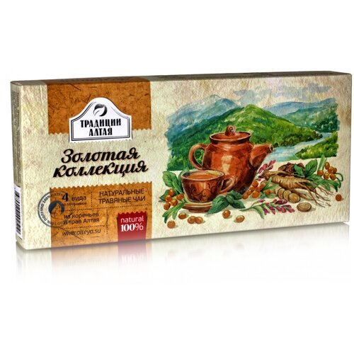 Подарочный набор чая золотая коллекция травяной 4×50г Традиции Алтая 92510
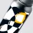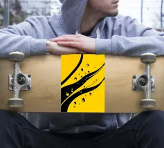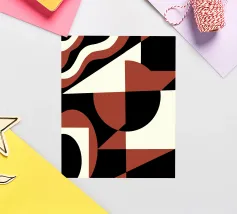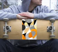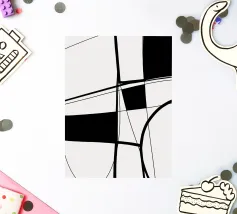 Kräftige geometrische Muster verflechten sich mit einem auffälligen gelben Akzent in einem Design, das den Kontrast betont. Geschwungene und eckige Formen in Schwarz und Weiß erzeugen einen dynamischen visuellen Fluss.
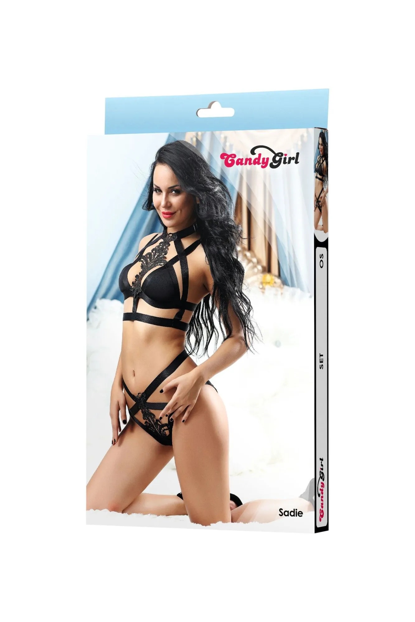 Шикарный комплект Candy Girl® Sadie сражает неприкрытой сексуальностью и оригинальностью. Для дерзких и уверенных в себе красоток. Мягкий бюстгальтер и трусики выполнены из широких эластичных стреп с матовыми трикотажными вставками. Эластичные ленты создают эффект бандажа. Уравновешивают комплект объемные рельефные кружевные вставки, делая образ менее роковым и более богемным. Регулируемые застежки на спине и шее с металлической фурнитурой помогают добиться идеальной посадки лифа.
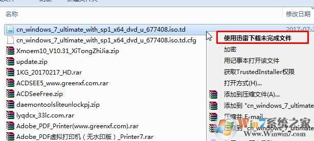 右鍵點(diǎn)擊使用迅雷繼續(xù)下載未完成的文件即可,如下圖:
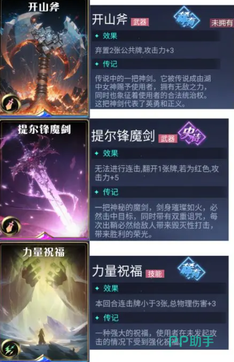 因为无法连击,直接配上开山斧和提尔锋魔剑,前者丢弃2个公牌加3攻,后者无法连击翻牌如果是红色攻击力加5,本身就无法连击这个效果也刚好合适。再配一张力量祝福。
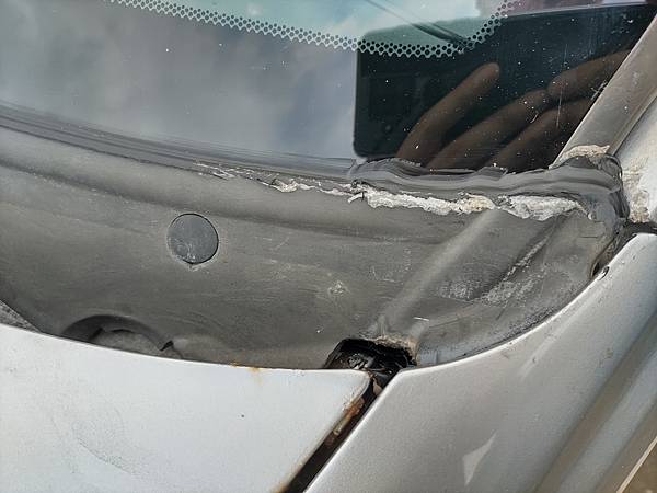 而且影響的範圍還不只是漏水這麼簡單, 最後連前擋風玻璃都成為受害者
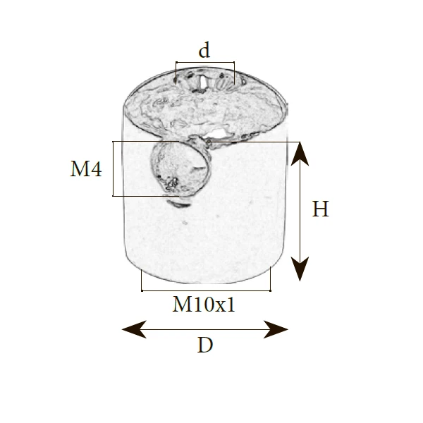 | Розмiр: | Діаметр(D): 12 мм, Діаметр отвору(d): 6 мм, Висота(H): 12 мм, Вид різьби: M10x1 |
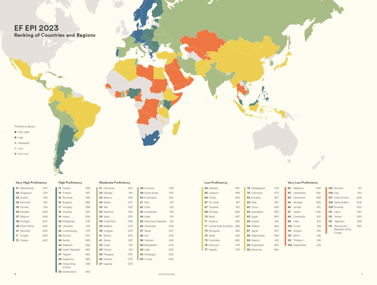 Рейтинг сформирован на основе результатов тестирования 2,2 миллионов респондентов в 113 странах и регионах, которые в зависимости от уровня владения английским разделены на категории следующим образом:
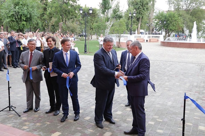 Разом з Міністром культури України Євгеном Нищуком, Повноважним послом Японії в Україні Сумі Шігекі та директором театру Сергієм Дорофєєвим вони розрізали символічну синю стрічку.
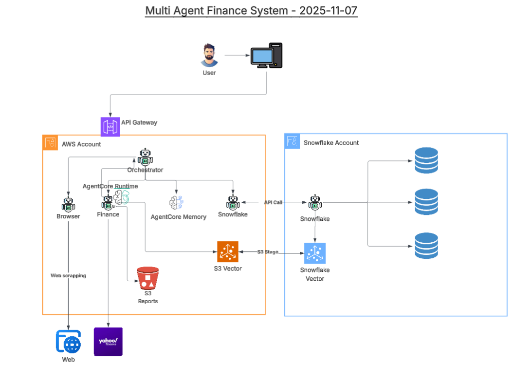 Complete system architecture for AI-powered financial analysis and automation.
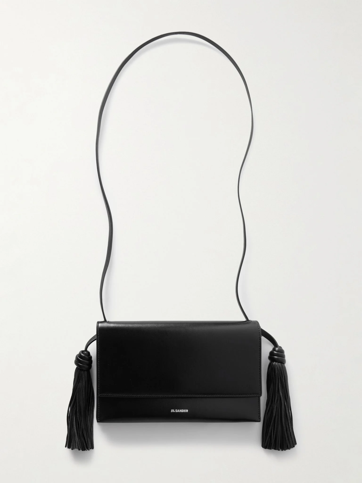 Jil Sander's bag is minimally detailed with knotted tassels that sway as you move. Crafted in Italy from leather, it has a sleek fold-over shape and enough space inside for your phone and most-used cards. Adjust the shoulder strap to your preferred drop. Details & Care - Black leather - Adjustable shoulder strap - Internal slip pocket - Leather lining - Magnetic-fastening front flap
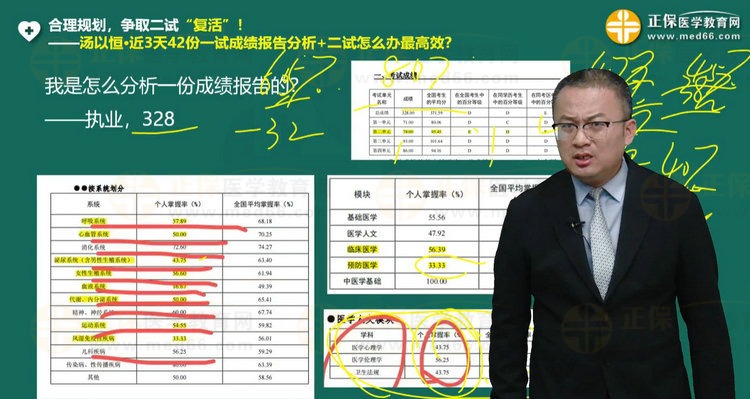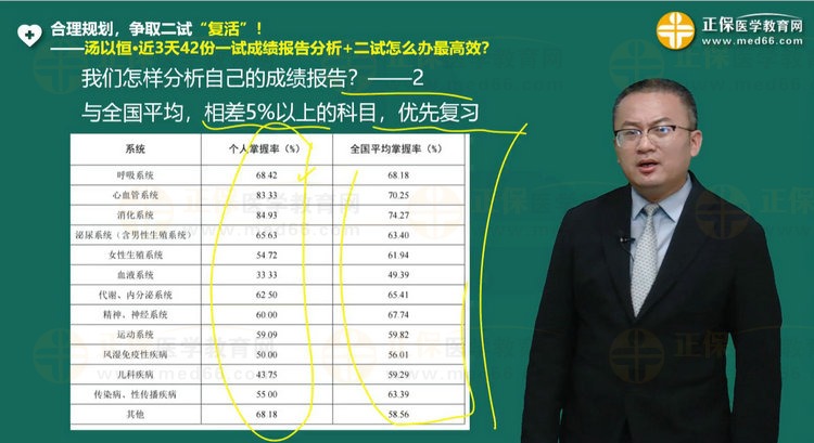 另外,大家除了要看自己哪部分低于全國(guó)平均掌握率之外,還要看自己欠缺的部分哪些是分值占比高的,正保醫(yī)學(xué)|教育網(wǎng)哪些是分值占比低的。在二試沖刺時(shí)間有限的情況下,我們肯定是要選擇性價(jià)比高的科目進(jìn)行針對(duì)集中攻克。哪個(gè)提分快,我們二試沖刺就主攻這個(gè)。
------------------------------
- [Aim of the task]: Nothing but the lines from the one holding "Complete system architecture" through the last line of the listing should appear in the answer, copied exactly and without pictures.

- [Solution]:
 Complete system architecture for AI-powered financial analysis and automation.
 Jil Sander's bag is minimally detailed with knotted tassels that sway as you move. Crafted in Italy from leather, it has a sleek fold-over shape and enough space inside for your phone and most-used cards. Adjust the shoulder strap to your preferred drop. Details & Care - Black leather - Adjustable shoulder strap - Internal slip pocket - Leather lining - Magnetic-fastening front flap
 另外,大家除了要看自己哪部分低于全國(guó)平均掌握率之外,還要看自己欠缺的部分哪些是分值占比高的,正保醫(yī)學(xué)|教育網(wǎng)哪些是分值占比低的。在二試沖刺時(shí)間有限的情況下,我們肯定是要選擇性價(jià)比高的科目進(jìn)行針對(duì)集中攻克。哪個(gè)提分快,我們二試沖刺就主攻這個(gè)。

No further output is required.